Permutation test for cluster overlap fractions
Source:R/cluster_perm.R
cluster_overlap_perm_test.RdPerforms a permutation test to assess whether the observed fraction of converts with overlap is significantly different from what would be expected by chance. Tests overlap at facility, floor, and room levels.
Usage
cluster_overlap_perm_test(
clusters,
dna_aln,
seq2pt,
adm_seqs,
adm_pos_pt_seqs,
dates,
surv_df,
facility_trace,
floor_trace,
room_trace,
nperm = 1000,
num_cores = detectCores() - 1
)Arguments
- clusters
A named numeric vector of cluster assignments.
- dna_aln
A DNA alignment object (used for isolate IDs).
- seq2pt
A named vector mapping sequence IDs to patient IDs.
- adm_seqs
A vector of sequence IDs which correspond to admission positive sequences.
- adm_pos_pt_seqs
A vector of sequence IDs for patients who are admission positive.
- dates
A named vector mapping sequence IDs to dates.
- surv_df
A data frame with surveillance data.
- facility_trace
A matrix with patient IDs as row names and dates as column names.
- floor_trace
A matrix with floor-level trace data (same structure as
facility_trace).- room_trace
A matrix with room-level trace data (same structure as
facility_trace).- nperm
Number of permutations to perform. Default 1000.
- num_cores
Number of cores for parallel processing.

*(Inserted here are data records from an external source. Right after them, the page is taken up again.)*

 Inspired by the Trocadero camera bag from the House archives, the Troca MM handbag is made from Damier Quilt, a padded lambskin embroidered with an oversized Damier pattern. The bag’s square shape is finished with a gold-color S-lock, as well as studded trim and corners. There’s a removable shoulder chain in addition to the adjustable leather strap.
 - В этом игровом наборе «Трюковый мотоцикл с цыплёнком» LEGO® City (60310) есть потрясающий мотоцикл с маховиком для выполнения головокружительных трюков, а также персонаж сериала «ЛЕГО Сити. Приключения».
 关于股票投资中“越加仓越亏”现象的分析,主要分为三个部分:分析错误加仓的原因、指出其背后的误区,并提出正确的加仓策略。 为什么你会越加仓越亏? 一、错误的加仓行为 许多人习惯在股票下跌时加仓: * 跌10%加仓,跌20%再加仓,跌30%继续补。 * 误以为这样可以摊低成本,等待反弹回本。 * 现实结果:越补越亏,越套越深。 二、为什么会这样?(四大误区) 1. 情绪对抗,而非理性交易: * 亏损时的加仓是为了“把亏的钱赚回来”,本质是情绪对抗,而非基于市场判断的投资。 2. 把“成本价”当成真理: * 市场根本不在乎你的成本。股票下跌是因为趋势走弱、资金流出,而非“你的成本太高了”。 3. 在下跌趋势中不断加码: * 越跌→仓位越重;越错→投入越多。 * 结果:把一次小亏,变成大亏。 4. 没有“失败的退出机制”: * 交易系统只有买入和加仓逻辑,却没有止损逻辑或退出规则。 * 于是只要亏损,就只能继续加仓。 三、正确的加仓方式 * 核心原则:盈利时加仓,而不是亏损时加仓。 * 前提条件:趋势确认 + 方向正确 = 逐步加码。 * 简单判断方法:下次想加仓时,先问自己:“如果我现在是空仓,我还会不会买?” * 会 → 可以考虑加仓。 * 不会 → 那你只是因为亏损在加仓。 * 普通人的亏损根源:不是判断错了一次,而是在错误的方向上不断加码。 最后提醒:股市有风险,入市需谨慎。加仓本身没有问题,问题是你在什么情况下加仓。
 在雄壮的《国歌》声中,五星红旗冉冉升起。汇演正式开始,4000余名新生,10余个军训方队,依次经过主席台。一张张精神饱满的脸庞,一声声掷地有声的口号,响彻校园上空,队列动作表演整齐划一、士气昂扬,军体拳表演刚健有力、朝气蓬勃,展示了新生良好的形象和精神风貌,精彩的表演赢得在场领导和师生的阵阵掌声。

Default is
detectCores() - 1.
Value
A list containing:
observed: A named list with facility, floor, room, seq_facility, seq_floor, seq_room per-cluster fractions for observed dataobserved_n_overlap: A named list (same trace types) of per-cluster converts-with-overlap counts (numerators) behind the observed fractionsobserved_n_converts: A named list (same trace types) of per-cluster convert counts (denominators) behind the observed fractionspermuted: A numeric array of dimensions (n_clusters, 6 trace_types, nperm) of per-cluster fractionspermuted_n_overlap: A numeric array (same dimensions) of per-cluster converts-with-overlap counts (numerators)permuted_n_converts: A numeric array (same dimensions) of per-cluster convert counts (denominators)valid_clusters: A numeric vector of cluster IDs that have more than one patient
The numerator/denominator components let callers compute a pooled,
convert-weighted fraction (sum(n_overlap) / sum(n_converts)) across clusters
and sequence types, rather than averaging the per-cluster fractions.